Almost every woman I knew had expressed, at some point, difficulty saying no. I felt a sense of identification at once rabid and tender, but I was also a little suspicious of all of us: Had this become a kind of collective humble brag? Were we all sending signals about how much the world wanted from us, how generous and giving we all were? It almost felt unseemly — selfish, even — to not struggle with saying no.

But it wasn’t only generosity that drove me. The inability to say no was tangled with other things: a mercantilist desire to shore up affection, gratitude and opportunities, and a craven, self-centered fear that I would be annihilated by someone else’s hurt or disapproval.

Shortly before I published my first collection of essays in 2014, when one of my writing instructors recommended me for a teaching position, I was so flattered that I didn’t even think about whether I wanted it. And when I got it, I was terrified to turn it down, afraid that not only would “they” be angry with me, but also that the universe would punish me for my lack of appreciation.

My teacher, who had helped me get the opportunity in the first place, was also the one who helped me understand why it was OK to refuse it: Other opportunities would come in its wake.

When I finally turned down the teaching position, it felt like a knot had loosened inside of me. But it didn’t make it any easier the next time. As my career progressed, I started receiving more opportunities — more invitations to come speak, come teach, come read, come write a piece — and it still felt as if it were a sign of ingratitude not to take all of them.

Eventually, I ended up utterly exhausted. I collapsed in the middle of a movie theater and took an ambulance to the emergency room. It turned out that I had a burst ovarian cyst and a long-term infection that hadn’t been diagnosed. It felt like my body telling me: Stop.
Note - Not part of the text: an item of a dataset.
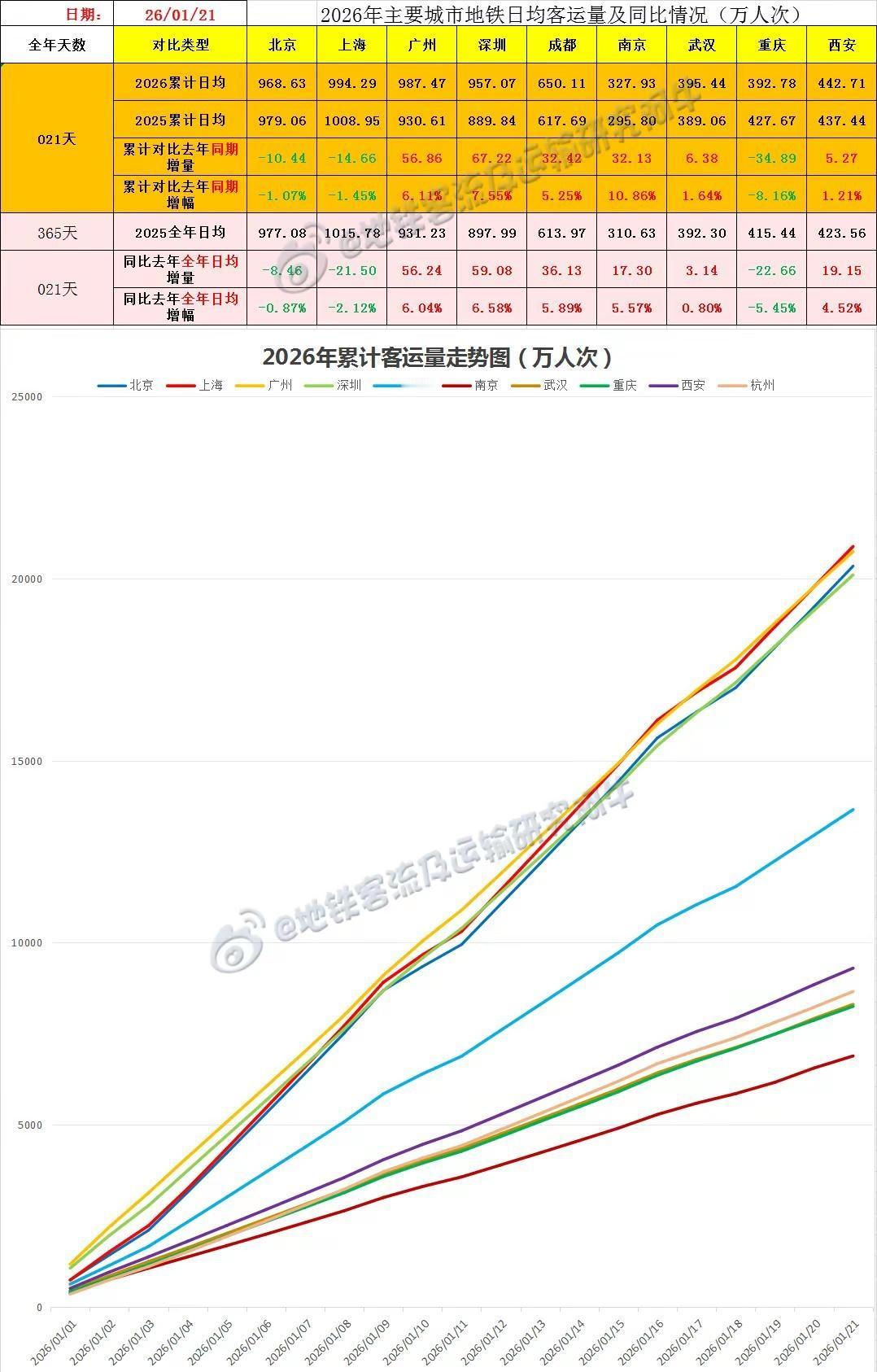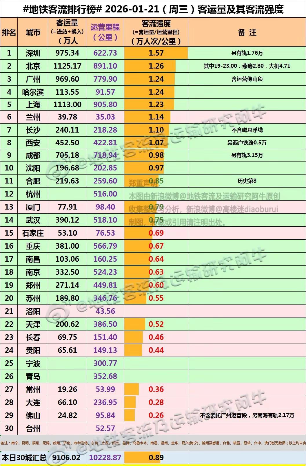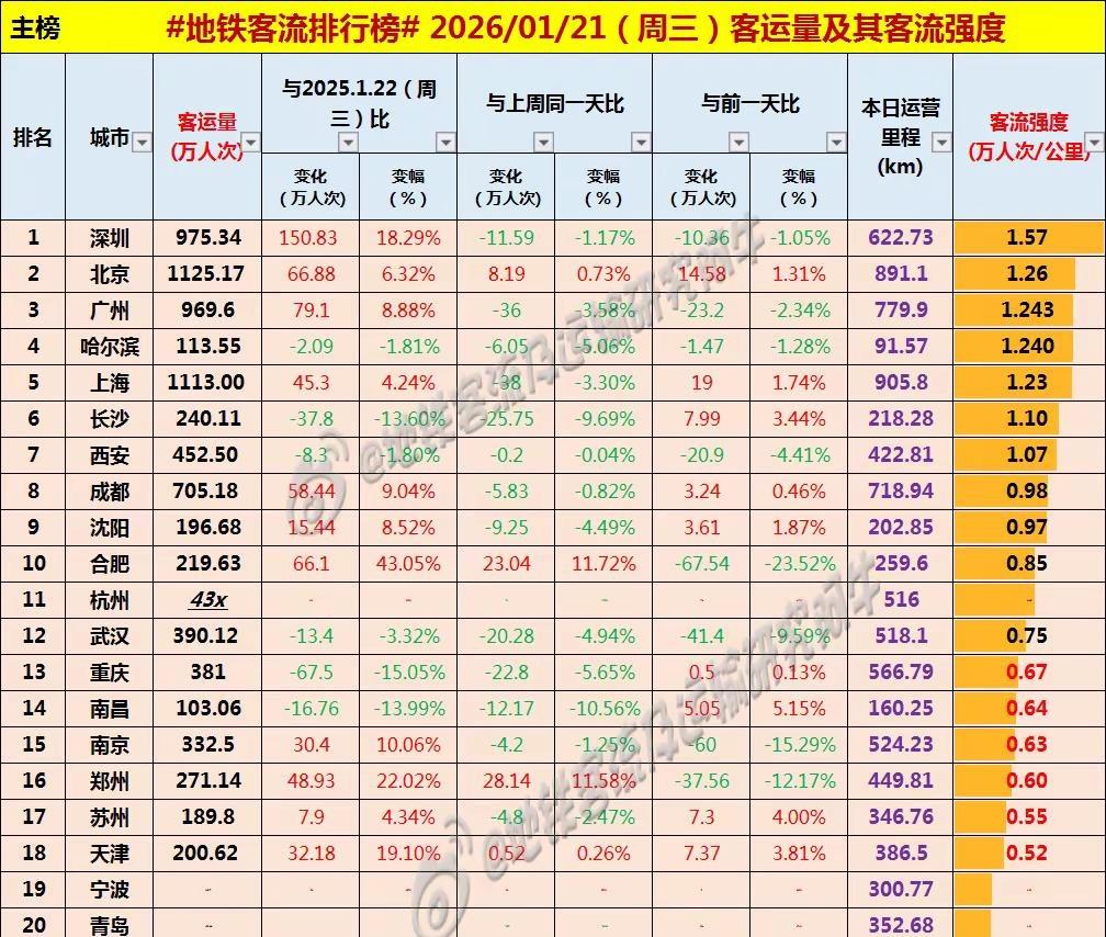 【中国城市地铁客流排行榜 2026-01-21(周三,农历腊月初三】北京1125.17万(其中19-23.00,燕房2.80,大机4.71),上海1113万,深圳975.34万(另有轨1.76万),广州969.6万,成都705.18万(另有轨3.15万),西安452.5万(另西户铁路0.5万),武汉390.12万,重庆381.0万,……余见下表(1-客运量排序,2-客流强度排序)

After coming home from the hospital, in the quiet of my apartment, I decided to make something I called the “Notebook of Noes.” On every page, I wrote down an opportunity I had decided to decline: a speaking gig, a magazine commission, an invitation from a friend. Then I drew a line across the page. Underneath, I wrote what saying no had made room for: more time with my partner. More time at home. More time to write. More time to call my mother and ask about her day, and tell her about mine.

Because I was a writer, it helped me to list my own refusals in a notebook. It was as if, in their accumulation, they could create a meaningful text: the story of learning to live a different way.

As I gathered more of these noes, I learned that, even after I’d uttered the word, the world continued just as it always had. The people I’d been anxious about disappointing? They were OK. The fear of losing something for good? It often came back, or something else did.

More than anything, however, the Notebook of Noes helped me see absence as a form of presence — instead of lamenting the ghost limb of what I wasn’t doing, I could acknowledge that every refusal was making it more possible to do something else.

In the past 10 years, I’ve practiced saying no in every arena of my life: saying no to men I didn’t want to go on second dates with. Gently interrupting students who were talking too much in class. Turning down speaking gigs because I didn’t want to be away from home.

In each case, I remind myself what the “no” is carving space for: a better date, for myself and for the man who asked. More room for other students to participate in the class conversation. More time with my daughter. Always, as they say in recovery, a question of progress not perfection.

The flip side of saying no is saying yes more fully, less grudgingly — because I’m not living life like a pat of butter spread too thinly across toast.

I still think about my stepfather’s advice; although he is no longer alive, it makes me feel close to him. And, recently, my daughter asked me to take her to an indoor water park that we love, in a massive mall in New Jersey. Even though I felt overwhelmed by my to-do list, I said yes: to water slides and French fries and the swells of a wave pool under a huge glass roof. The space we shared was built of noes; it was worth every one of them.